2. Data consistency problem. For application scenarios that require high data consistency, such as ORACLE RAC, the performance of distributed storage may be weaker. Because of the distributed structure, data synchronization is a major problem. Although the technology is improving, it is not as reliable as traditional storage devices.

3. Stability problem. Distributed storage is very dependent on the network environment and bandwidth. For example, once an IP conflict occurs, the entire distributed storage may be inaccessible. Traditional storage uses dedicated SAN or IP networks, which are more reliable in terms of stability.

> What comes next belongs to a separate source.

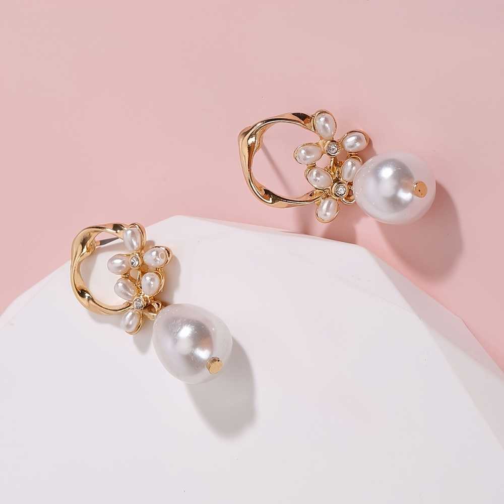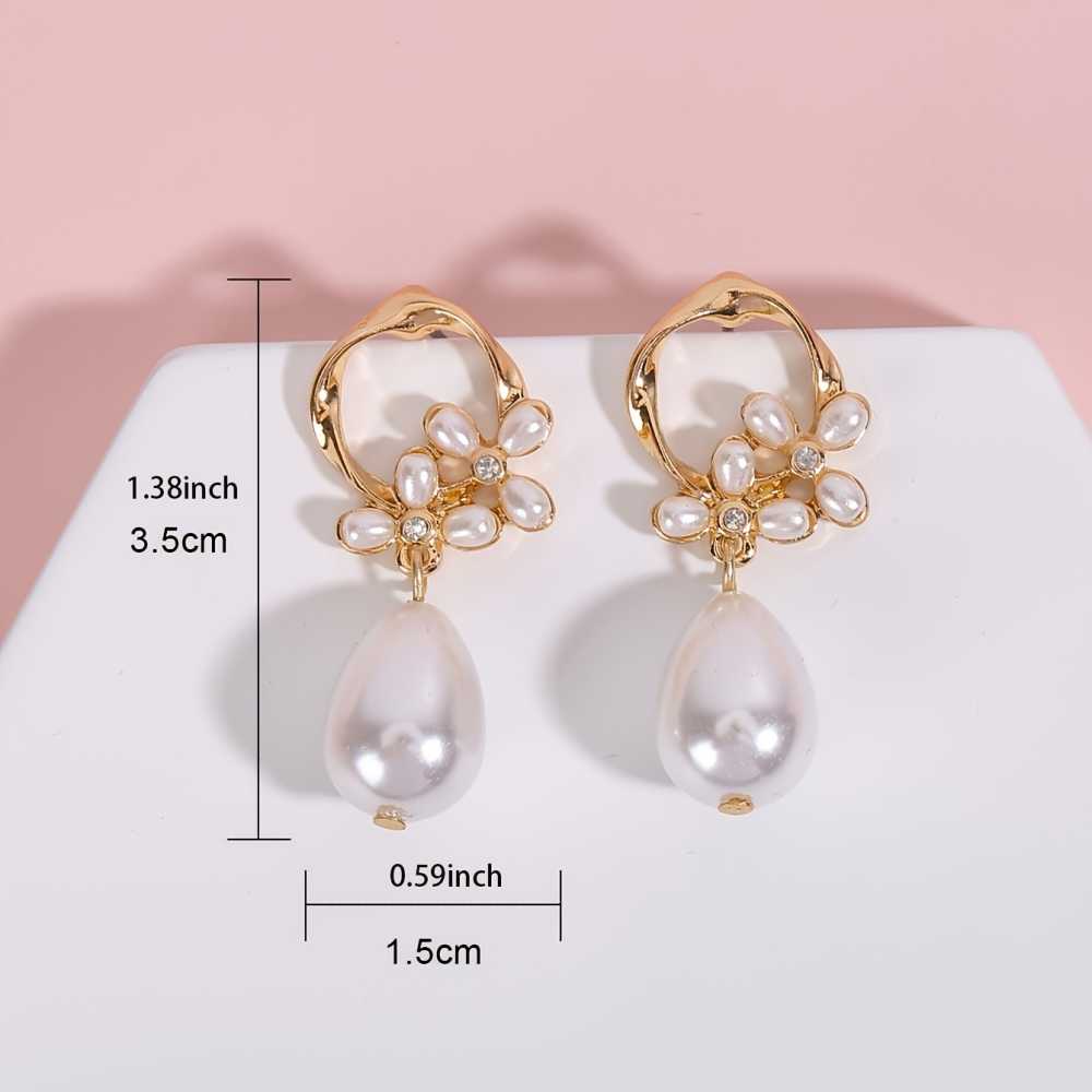 Vintage Flower and Faux Pearl Dangle Earrings Gold Plated with Zirconia
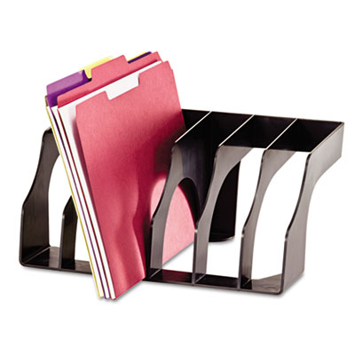 Made to hold your binders, catalogs, books and other large publications for easy access. Can be used vertically or horizontally. Desktop File Folder Sorter Type: Combination File Sorter; Number of Compartments: 6; Material(s): Plastic.

The reason for the rapid growth of hyper-converged architecture is that it has significant advantages and can bring high customer value. The hyper-converged architecture manages and schedules computing, storage, and network resources in a unified manner. It provides flexible scalability and provides optimal efficiency, flexibility, scale, cost, and data protection for data centers. The integrated platform of computing and storage superfusion replaces the traditional server and centralized storage architecture, making the whole architecture more clear and simple, and greatly simplifying the design of complex IT systems.

From the perspective of users, the reasons for choosing hyper-converged architecture are as follows:

(1) performance

Business scale, data availability, business continuity, and performance requirements are rapidly increasing, which cannot be met by traditional IT architectures or costs too much. Hyper-converged architectures can easily achieve hundreds of thousands of IOPS. If all-flash super fusion is adopted, the performance is much better than common SAN array.

(2) the cost

Traditional IT architectures are too expensive to provide the same performance. Cost is not the biggest advantage of hyperconvergence, but IT can still save investment compared to traditional solutions.

(3) the old

Profitability is not what hyperconvergence is supposed to do, but it is a real need. Hyperfusion supports common standard x86 server hardware, thus enabling deployment on existing servers to protect investment.